Desde un comienzo, Green Book: una amistad sin fronteras (ay, ese subtítulo) se declara sin inhibiciones como un filme moral –y verídico– en torno al racismo, amenazando con la intolerancia del mensaje: el italoamericano Tony Lip (Viggo Mortensen en modo Robert De Niro) se gana la vida como fortachón a sueldo hasta que se le encomienda una tarea sutilmente arriesgada que pone en juego su aversión racial: conducir y cuidar al pianista Don Shirley (Mahershala Ali, encantador en su labor) durante una gira musical que atraviesa las localidades más conservadoras del sur estadounidense en la tan violenta como liberadora década de 1960.
El número de suspicacia-que-muta-en-afecto está servido, aunque la reluctancia es mutua: sucede que Dr. Shirley es un artista aristocrático de la excentricidad de un Sun Ra que ha debido acomodarse a los estándares discográficos dejando de lado la interpretación prodigia de Beethoven y Liszt para devenir concertista de jazz.
Así, el filme de Peter Farrelly (mitad de la hermandad consanguínea que legó Tonto y retonto y Loco por Mary) opone al dilema de piel un conflicto inverso entre baja y alta cultura: el agredido Shirley es un esnob redomado que desprecia la dicción de Lip, su hábito de comer pollo con las manos, incluso la música negra radial que suena en el auto (Little Richard, Aretha Franklin). “¡Es tu gente!”, le recrimina Lip al protegido elitista, que carga con su ilustración no sin dilemas: “Si no soy lo suficientemente negro ni lo suficientemente blanco, entonces ¿quién soy?”, se lamenta el artista desencajado bajo la lluvia en la escena más oscarizable de la cinta (que aspira a cinco estatuillas).

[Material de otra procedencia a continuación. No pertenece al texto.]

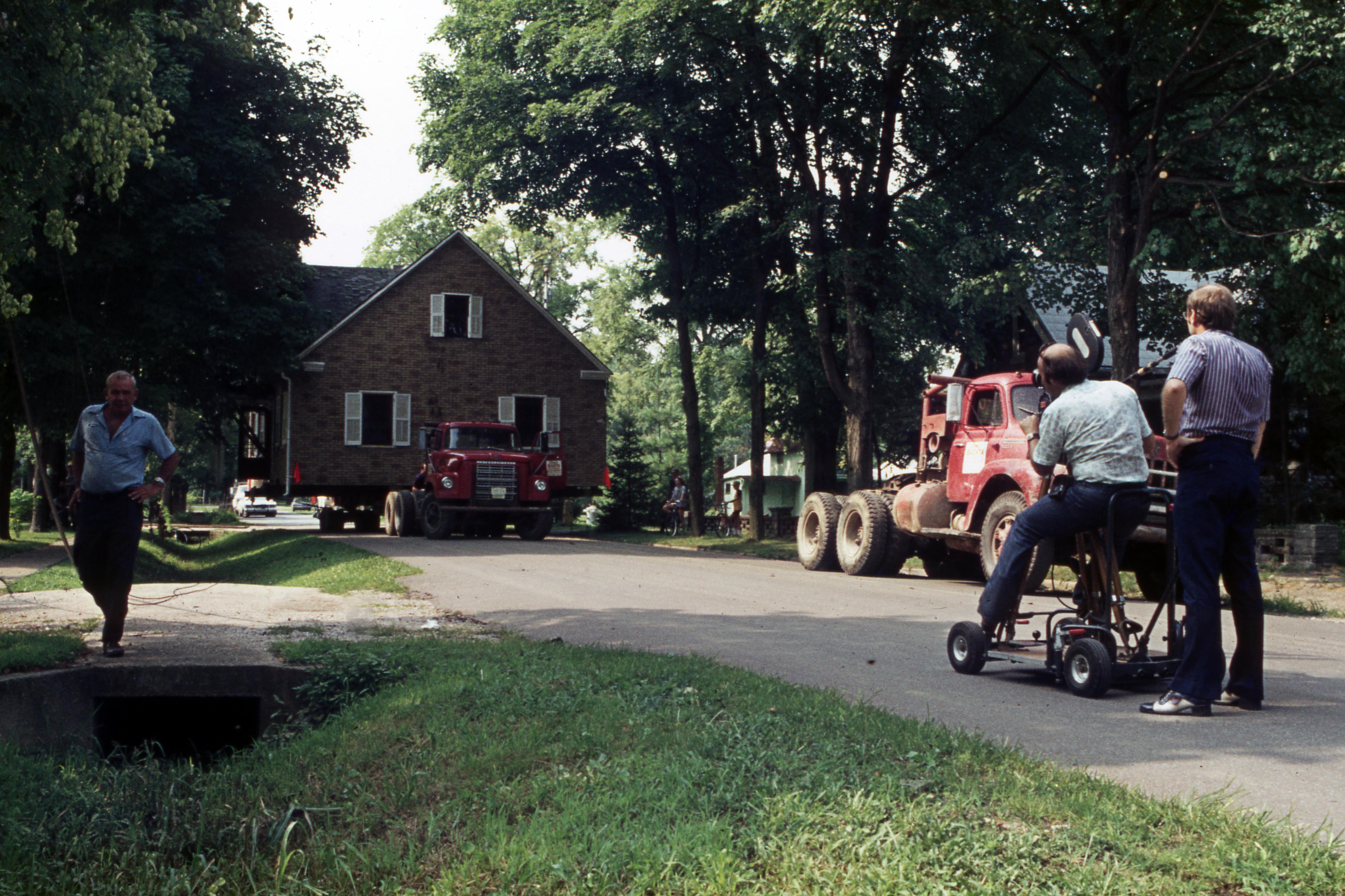 Beal House: The Beal House was moved during the Lanark Construction, on Town Block 8 E/W on Main Street to 611 Church Street. The Beal house was constructed around 1829 by John Beal, who was a carpenter in the Owen and Maclure community. Beal constructed the house from lumber and timbers from an older horse barn. The new location would be the site of the Beal House and 1850s Doctor's Office (The Doctor's Office was a remodel of the Kemmerling House, which was also moved to this site). Elmer Buchta Moving Engineers was contracted for this and many other building moves during the 1970s. In this photo the house is headed north on Brewery Street toward the new plat on Church Street. At this point it was in front of the house at 815 Brewery.

Ese contrapunto simpático activado por este Michael Jackson de cámara (que aprenderá su lección al descender al abismo de un show de taberna) redime a Green Book de los subrayados a lo Historias cruzadas o Talentos ocultos en los que trastabilla, a la vez que Farrelly evita cruzarse a la vereda de la incorrección cuando cuenta con elementos de sobra para hacerlo. El tono elegido es más bien melancólico, y es con ese corazón de comedia simplona, de buddy movie querendona que Farrelly propone un placebo de dos horas para dirimir un mal endémico. Al fin y al cabo la superación de las diferencias es una empresa tan errática y constante como la de conservar una amistad.